O paged me - "got one for ya." He's so cool. I love doing things for O because he never gets psycho. Even when he was berating the night shift for not drawing cardiac enzymes, he never raised his voice, just explained things in a this-is-ridiculous tone of voice, words carefully chosen and very fast. I wish I were like that.
Met him in the shock room in front of a mountain of flesh. The man is nearly 2 Hoosier Units - that's almost 400 pounds, for those of you not from the Midwest - and he smells bad. And he's on oxygen, staring blankly into space. We try to get a history. He's not cooperative, other than giving us his mother's name - doesn't tell us anything useful. It's not that he refuses to answer questions, it's that he doesn't. Just keeps talking about nothing.
I keep going, O calls mom. He told me a huge run-on story, with highlights like the following:
- He used to be a police cadet before he got whacked and spent a long time in a coma.
- When he was working, he used to mark where his truck was parked, and someone moved it every day. That same someone (he had names for all this, but I don't remember them) got a spare key to his house and beat him up and took all his money because he called the drug house over on (some street) in to the police.
- He faxed the info to the Feds in Waco that let them bust the place.
- Someone stole his van and chased him all over town with it.
- The reason he's in the hospital is because (name) right over there (here he points to the ER nurse), who stole one of his police cadet uniforms and used it to pretend to be a cop, knew that he knew that he wasn't really a cop and found him on top of his mom's house and shot him. But our patient, being a canny fellow, had a camera on a pole to watch the roof of his mama's house and it's wired to a TV downtown, right to the Federal Government, and they sent the police.
O gets off the phone as I'm listening. I finally escape to find out that Mama says he does cocaine, and that he gets these spells like this...and there he is, still talking as long as he thinks I'm listening. He went on and on and on. This is a mid-forties gentleman who still lives with his parents and does cocaine, obviously with some kind of delusional thinking, and we don't know when he last drank - he says some kind of liquor-store wine, I'm thinking Red Rose type, three days ago.
We're scanning his head, his heart (oh, he's in atrial fib, and he has hypertension, and he has diabetes), and his blood. Tox is negative, alcohol is negative, so our guesses are some kind of stroke, DT's, or just plain crazy. Peeked at the labs and someone's ordered a syphilis screen. It's possible...
I'd barely finished with him when O sends me over to see the next girl. I have a Mage character who's a barely-legal child of a hippie, raised on peyote and pot, hooked on X and only avoiding hard drugs because she's too vain to stomach the idea of needle tracks marring her body.
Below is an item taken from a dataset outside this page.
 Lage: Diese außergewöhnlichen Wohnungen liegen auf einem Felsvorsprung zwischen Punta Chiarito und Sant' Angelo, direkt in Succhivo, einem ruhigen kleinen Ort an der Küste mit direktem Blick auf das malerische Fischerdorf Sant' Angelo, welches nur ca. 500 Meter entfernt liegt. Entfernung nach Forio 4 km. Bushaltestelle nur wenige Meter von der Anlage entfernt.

This girl was Jen gone wrong.
She's early-twenties, history of having showed up at the ER once for detox with a claim of shooting up heroin 10x a day, taking percocet 60-80mg, and about 150 other pills, and walking out before the paperwork was done. She's in now because her dad picked her up from a friend's and noticed she was absofriggin'lutely nuts. We got her because her creatinine is high.
Urine tox is positive for cocaine, amphetamines, and opiates. Interview consisted of us asking questions and her talking a hundred miles a minute about somethign completely else, then apologising and giving us a few semi-lucid seconds. She told us she'd been shooting up cocaine and heroin the previous night - not together, no, sequentially. "Wouldn't they just cancel each other out?" A asked me later. "Get nothing?" He was being facetious. She probably was doing something else - the girl was completely manic, absolutely out of her mind with drugs. It was an amazing experience. I could put my hand on her shoulder - the contact seemed to give her focus; she'd look at me and keep looking at me as long as I was touching her - and talk to her, she'd pay attention to my face, nod a bit, get teary. And then I'd ask a question and she'd give me a high-velocity stream of gibberish before looking all around. She was very concerned with under the bed, and with all the other patients.
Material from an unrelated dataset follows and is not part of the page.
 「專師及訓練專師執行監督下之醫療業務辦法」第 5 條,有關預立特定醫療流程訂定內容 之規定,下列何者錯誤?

We gave her enough Ativan to put her to sleep so the nurses could get fluids in her and draw labs. She later woke up, I was told, and they had taken her out of restraints, so she was dancing half-naked around her little isolation room. When we got there she was in restraints - one hand, one foot. ER nurse said "She's gotten out twice already - walks around popping into other people's cubicles and scaring them - I just use them to slow her down a bit. I don't want to lose her."
I wonder, O Best Beloved, what she'll be like tomorrow as she starts to go into withdrawal from the heroin and amphetamines...
It's half an hour past my self-assigned bedtime. We capped around 8 or so except for the shockroom patient, I have my two admits and my H&P work is done; I've been dismissed for the night. In the morning I have three patients - one druggie, one strange man, and the sweet old lady with the stroke and the childish gestalt. Nobody in their right mind today. Is it a full moon?
Friday I see my Angel. Friday I get my car. Fridayfridayfriday.